■ Extracted entries:
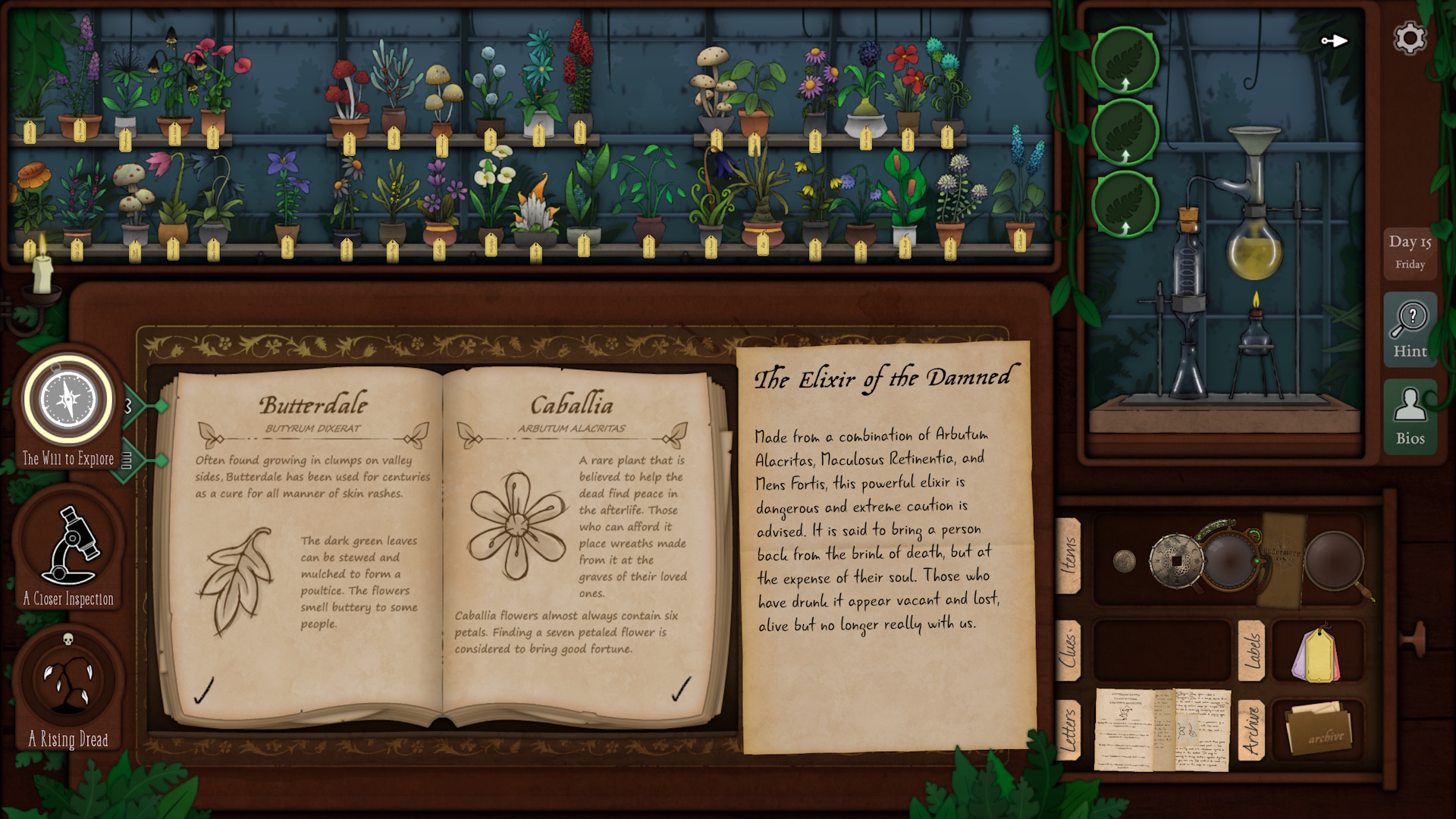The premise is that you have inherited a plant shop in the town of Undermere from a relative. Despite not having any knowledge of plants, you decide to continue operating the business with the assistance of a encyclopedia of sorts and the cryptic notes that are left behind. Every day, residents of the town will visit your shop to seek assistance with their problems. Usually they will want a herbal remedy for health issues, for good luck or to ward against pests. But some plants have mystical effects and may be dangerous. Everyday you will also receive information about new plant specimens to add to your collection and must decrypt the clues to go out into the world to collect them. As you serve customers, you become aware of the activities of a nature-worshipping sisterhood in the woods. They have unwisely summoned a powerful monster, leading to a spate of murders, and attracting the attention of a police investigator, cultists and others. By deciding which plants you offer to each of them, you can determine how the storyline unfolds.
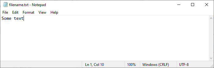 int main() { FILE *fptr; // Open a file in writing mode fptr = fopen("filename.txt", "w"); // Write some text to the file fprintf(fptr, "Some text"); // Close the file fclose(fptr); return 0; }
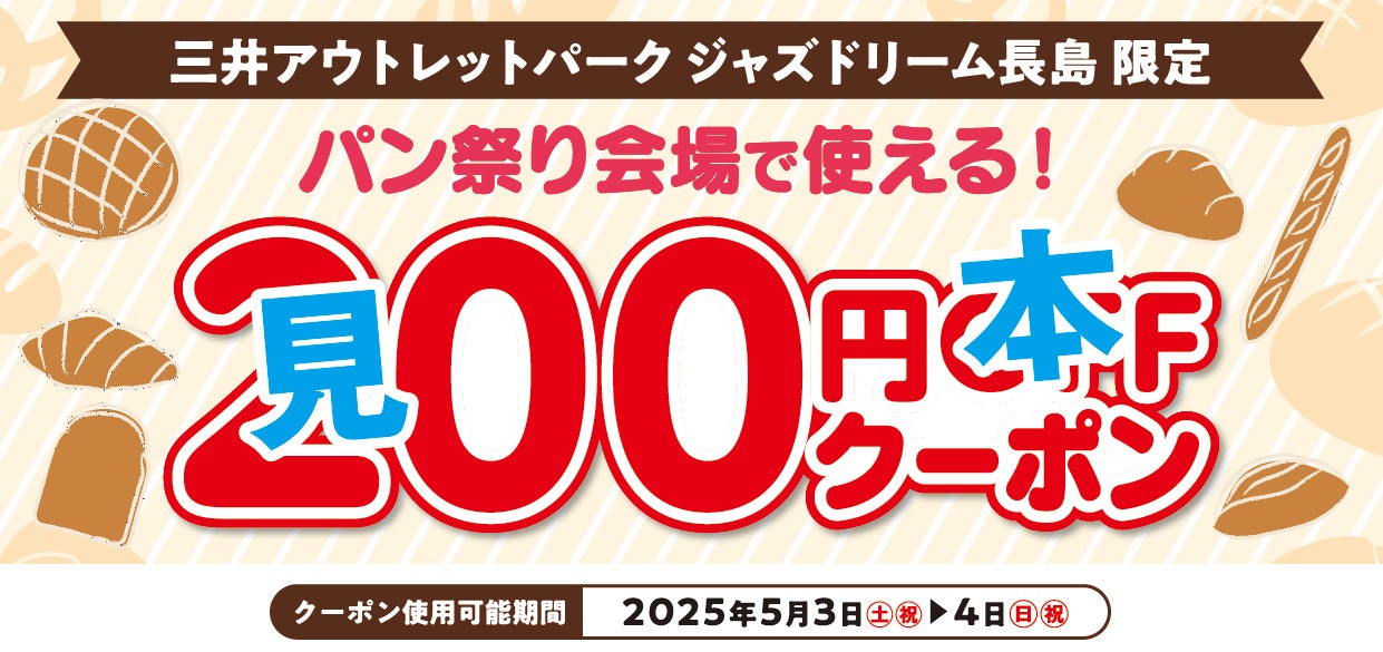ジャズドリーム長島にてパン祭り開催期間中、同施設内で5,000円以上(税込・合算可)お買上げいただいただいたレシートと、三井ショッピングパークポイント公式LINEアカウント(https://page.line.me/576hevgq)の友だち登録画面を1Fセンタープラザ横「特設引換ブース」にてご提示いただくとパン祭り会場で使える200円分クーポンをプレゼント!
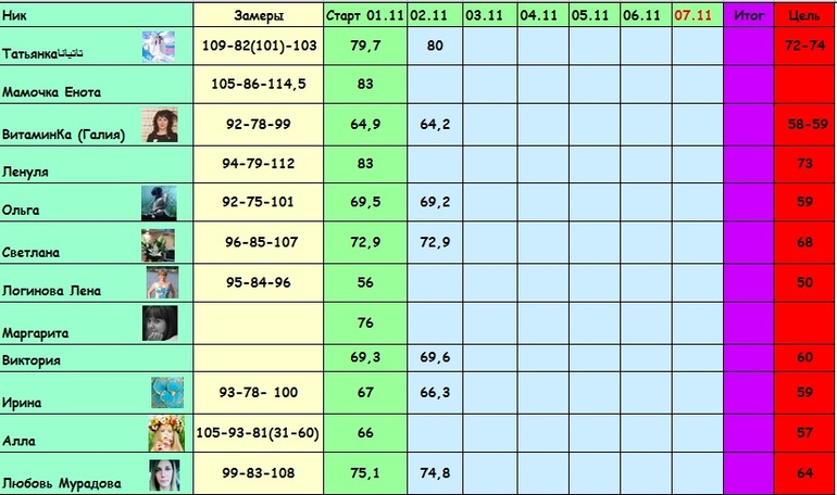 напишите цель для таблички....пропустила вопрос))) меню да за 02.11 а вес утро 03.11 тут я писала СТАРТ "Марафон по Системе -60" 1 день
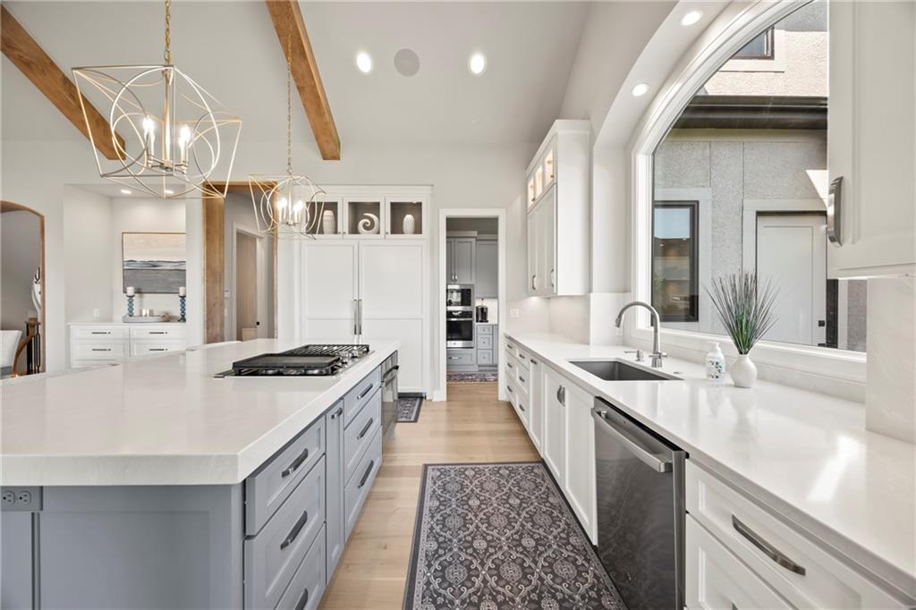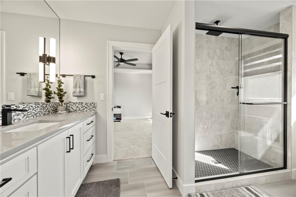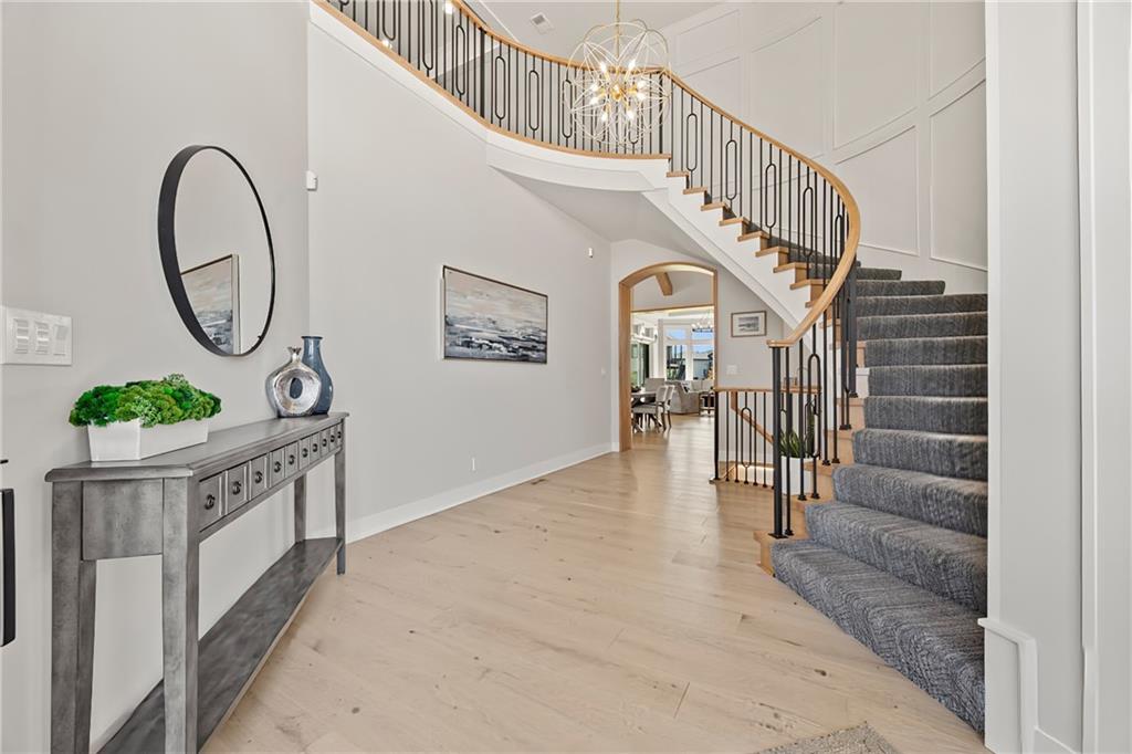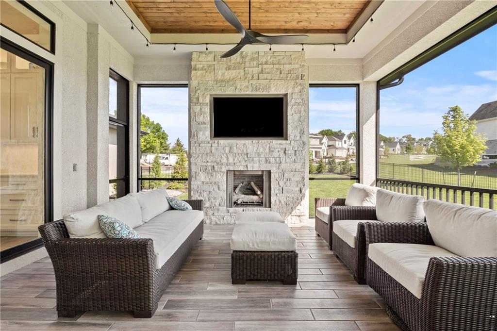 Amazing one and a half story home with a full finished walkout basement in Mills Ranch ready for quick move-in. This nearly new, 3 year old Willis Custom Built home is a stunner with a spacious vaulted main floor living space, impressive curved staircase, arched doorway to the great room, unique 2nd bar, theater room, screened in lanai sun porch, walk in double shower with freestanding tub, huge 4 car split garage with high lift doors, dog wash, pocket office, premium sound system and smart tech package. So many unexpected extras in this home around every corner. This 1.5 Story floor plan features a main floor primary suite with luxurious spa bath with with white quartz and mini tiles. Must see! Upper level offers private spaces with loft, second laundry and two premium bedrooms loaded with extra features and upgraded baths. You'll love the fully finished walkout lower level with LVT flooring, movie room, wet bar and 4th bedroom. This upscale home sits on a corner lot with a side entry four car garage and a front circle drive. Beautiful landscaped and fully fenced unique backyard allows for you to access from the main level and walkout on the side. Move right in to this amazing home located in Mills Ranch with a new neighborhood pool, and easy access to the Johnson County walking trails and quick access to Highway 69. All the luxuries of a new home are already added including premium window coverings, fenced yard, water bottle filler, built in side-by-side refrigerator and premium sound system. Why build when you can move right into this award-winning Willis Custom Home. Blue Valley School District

■ Exercise objective:
Leaving out the pictures, repeat all of the entries exactly.

■ Response to the task:
The premise is that you have inherited a plant shop in the town of Undermere from a relative. Despite not having any knowledge of plants, you decide to continue operating the business with the assistance of a encyclopedia of sorts and the cryptic notes that are left behind. Every day, residents of the town will visit your shop to seek assistance with their problems. Usually they will want a herbal remedy for health issues, for good luck or to ward against pests. But some plants have mystical effects and may be dangerous. Everyday you will also receive information about new plant specimens to add to your collection and must decrypt the clues to go out into the world to collect them. As you serve customers, you become aware of the activities of a nature-worshipping sisterhood in the woods. They have unwisely summoned a powerful monster, leading to a spate of murders, and attracting the attention of a police investigator, cultists and others. By deciding which plants you offer to each of them, you can determine how the storyline unfolds.
 int main() { FILE *fptr; // Open a file in writing mode fptr = fopen("filename.txt", "w"); // Write some text to the file fprintf(fptr, "Some text"); // Close the file fclose(fptr); return 0; }
ジャズドリーム長島にてパン祭り開催期間中、同施設内で5,000円以上(税込・合算可)お買上げいただいただいたレシートと、三井ショッピングパークポイント公式LINEアカウント(https://page.line.me/576hevgq)の友だち登録画面を1Fセンタープラザ横「特設引換ブース」にてご提示いただくとパン祭り会場で使える200円分クーポンをプレゼント!
 напишите цель для таблички....пропустила вопрос))) меню да за 02.11 а вес утро 03.11 тут я писала СТАРТ "Марафон по Системе -60" 1 день
 Amazing one and a half story home with a full finished walkout basement in Mills Ranch ready for quick move-in. This nearly new, 3 year old Willis Custom Built home is a stunner with a spacious vaulted main floor living space, impressive curved staircase, arched doorway to the great room, unique 2nd bar, theater room, screened in lanai sun porch, walk in double shower with freestanding tub, huge 4 car split garage with high lift doors, dog wash, pocket office, premium sound system and smart tech package. So many unexpected extras in this home around every corner. This 1.5 Story floor plan features a main floor primary suite with luxurious spa bath with with white quartz and mini tiles. Must see! Upper level offers private spaces with loft, second laundry and two premium bedrooms loaded with extra features and upgraded baths. You'll love the fully finished walkout lower level with LVT flooring, movie room, wet bar and 4th bedroom. This upscale home sits on a corner lot with a side entry four car garage and a front circle drive. Beautiful landscaped and fully fenced unique backyard allows for you to access from the main level and walkout on the side. Move right in to this amazing home located in Mills Ranch with a new neighborhood pool, and easy access to the Johnson County walking trails and quick access to Highway 69. All the luxuries of a new home are already added including premium window coverings, fenced yard, water bottle filler, built in side-by-side refrigerator and premium sound system. Why build when you can move right into this award-winning Willis Custom Home. Blue Valley School District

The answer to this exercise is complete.